The egl-9(gk277) mutation removes the MYND zinc finger domain, but has little effect on HIF-1 protein levels or on expression of HIF-1 targets. (A) The egl-9(gk277) mutation does not significantly increase expression of HIF-1 protein in vhl-1(+) or vhl-1(ok161). (B and C) The egl-9(gk277) mutation has a significant effect on the expression of HIF-1 target genes, but these effects are much smaller than the severe egl-9(sa307) mutation.
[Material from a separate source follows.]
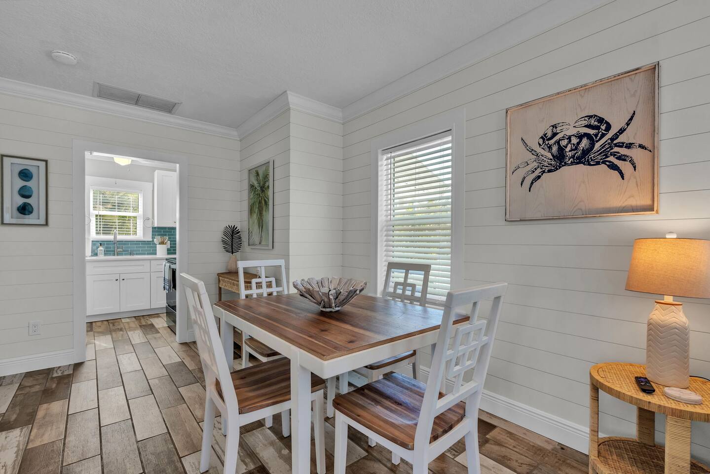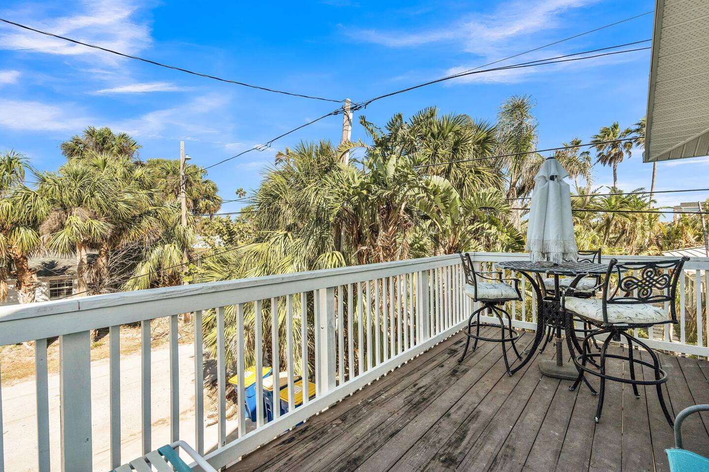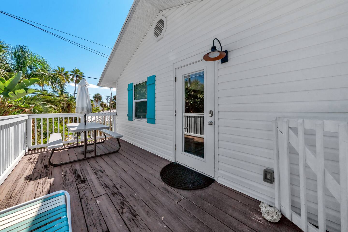 Our Upper unit features an open kitchen and dining area, flooded with natural light by all of the surrounding windows. There is a nice outdoor balcony off of the front, with a high table, chairs, and a lounger. The two spacious bedrooms (each with a Queen bed) also have a tub/shower bathroom in between. The shared Heated Pool is just downstairs with a shared outdoor area with tons of seating. Beach towels and chairs included! Best of all, the beach is just a few houses down. Pickleball close-by!

The bar graphs show the expression of the Pnhr-57∷GFP reporter (B) and the endogenous HIF-1 target gene K10H10.2 (C) in each strain, relative to the values for animals carrying wild-type alleles of vhl-1 and egl-9. The bars represent average values from three independent replicates, and the error bars reflect standard error. NS, no significant difference. *P < 0.05.